# New Caledonia Bonefish



## southpaw (Feb 25, 2009)

Found this article online today and thought I'd share it with yall. This place seems pretty awesome, but I'm probably getting way ahead of myself. I need to upgrade from black drum and skipjack still haha.

http://www.flyangler.com.au/FLYANGLER60/pdf/New_Caledonia.pdf


----------



## SKIFFSTIFF (May 8, 2009)

Getting a black drum to eat a fly is a whole lot harder than catching a bonefish or a redfish on the fly.You gotta love those poor man's tarpon on the fly.They can get into your backing in a split second.


----------



## Joe. T. (Jun 7, 2008)

thanks for the read southpaw.ss those big ladies get my heart going every time i see one in the skinny.you have like 3 sec to make a cast.but when they see your fly watch out!!!!


----------



## southpaw (Feb 25, 2009)

Yeah I curse those dang ladyfish when I'm throwing conventional gear for fraying my leaders and pooping on my boat, but man they are a blast to catch on the fly and I think have helped me a lot with what not to do after you set the hook. I'm still on the hunt for a slot red, but for now while I'm still learning and I'll always cast to the targets that I'm presented with.


----------



## PL (Sep 28, 2011)

Cool article! I read an article a while back in Fly Fishing in Saltwater about it and the only problem with the place I could find was that everyone speaks French on the island. That and its a solid 5000 miles away from Tx. In the mean time while dreaming of far off lands check out this website for Nomad sportfishing out of Australia. They've got a mothership operation that goes out to the islands in the coral sea (300 miles offshore austrailia) for weeks at a time. They have wahoo fishing on the fly out there....

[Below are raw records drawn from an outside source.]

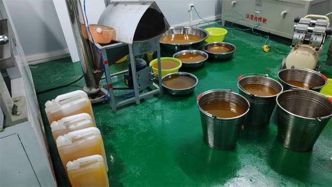 在榨油坊里,一桶桶茶籽粉经过碾、蒸、压等多道工序,金黄色的茶油源源不断地流出来。油坊负责人黄喜新告诉笔者,这种依托现代机械、通过物理压榨出来的茶油保质期长、营养价值高,深受市场青睐。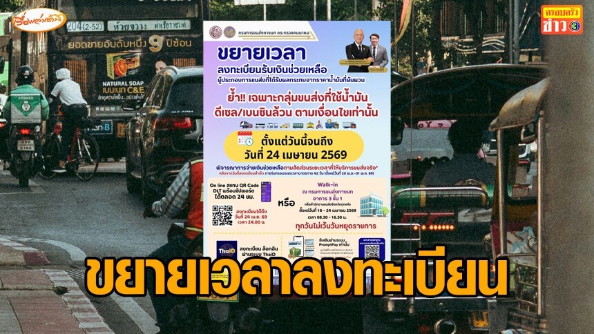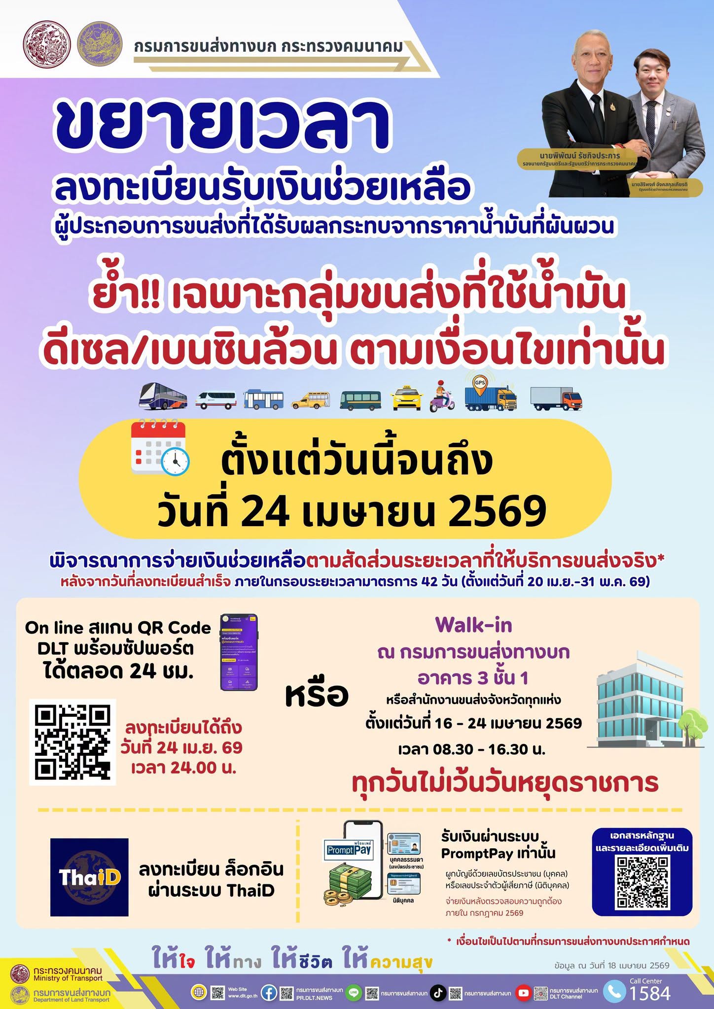 นายสรพงศ์ ไพฑูรย์พงษ์ อธิบดีกรมการขนส่งทางบก กล่าวว่า กรมการขนส่งทางบก ขานรับข้อสั่งการ รองนายกรัฐมนตรีและรัฐมนตรีว่าการกระทรวงคมนาคม และรัฐมนตรีช่วยว่าการกระทรวงคมนาคม โดยขยายเวลาลงทะเบียนรับเงินช่วยเหลือตั้งแต่วันนี้ไปจนถึงวันที่ 24 เมษายน 2569 (ไม่เว้นวันหยุดราชการ) สำหรับ “กลุ่มขนส่งที่ใช้น้ำมันเป็นเชื้อเพลิง” (น้ำมันดีเซลหรือเบนซินล้วน) ภายหลังที่เปิดรับลงทะเบียนมาแล้ว 2 วัน (16 – 17 เม.ย. 69) พบมีผู้ลงทะเบียนแล้วเป็นจำนวนมาก เป็นผู้ประกอบการที่มีสิทธิกว่า 26,000 ราย ในขณะที่จำนวนยานพาหนะที่ลงทะเบียนในระบบมีจำนวนรวมกว่า 116,000 คัน (ข้อมูล ณ วันที่ 17 เม.ย. 69) โดยผู้ประสงค์ขอรับสิทธิช่วยเหลือสามารถลงทะเบียนผ่านระบบ “DLT พร้อมซัปพอร์ต” ที่เว็บไซต์ https://tss.dlt.go.th/ ได้ตลอด 24 ชั่วโมง หรือมาดำเนินการลงทะเบียนขอรับสิทธิได้ ณ อาคาร 3 ชั้น 1 กรมการขนส่งทางบก หรือสำนักงานขนส่งจังหวัดทุกแห่งทั่วประเทศ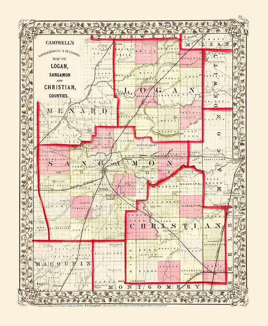 Sangamon Logan Christian Illinois - Campbell White Modern Wood Framed Art Print with Double Matting by Campbell
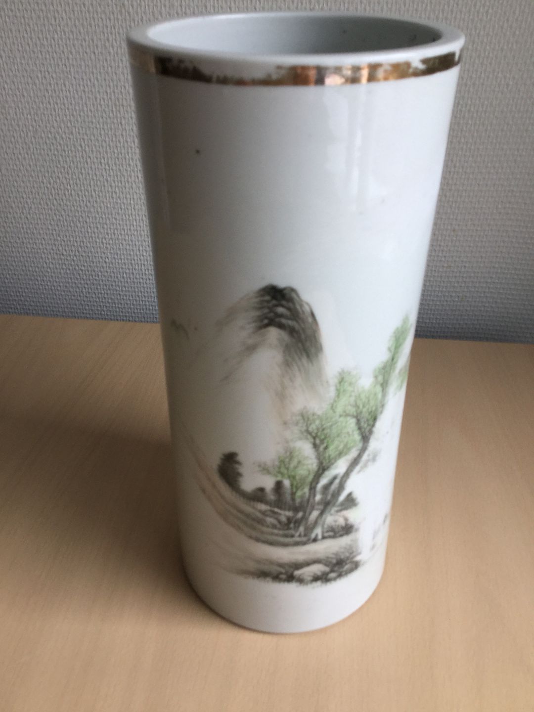 Text available in Danish: Hatstand vase dekoreret med landskab og guldkant.

http://www.nomadsportfishing.com.au/nsa_flyfishing_main.htm


----------



## Coconut Groves (Nov 2, 2011)

I'll take a 10 pound bone over a 10 pound drum any day of the week. Drum are picky, that's for sure, but a well placed small crab fished permit style will do the job. I am not knocking them, but comparing them to bonefish is like comparing a Volkswagon to a Porche. 

I've heard of the Cook Island and Caldonia bones before being different species, but you don't have to travel all that far away for big bones that don't see a ton of pressure and act more aggresively.

Los Roques has the best bonefishing I've ever seen. The average size there is at least 5 pounds and I caught a handful of 8 - 10 pounds during my stay there. They also act like no other bones I've seen - very aggressive behavior, crashing bait, and sometimes charging over 10 feet and slamming the fly. Big bones don't get big eating tiny shrimp - they eat big crabs and minnows too.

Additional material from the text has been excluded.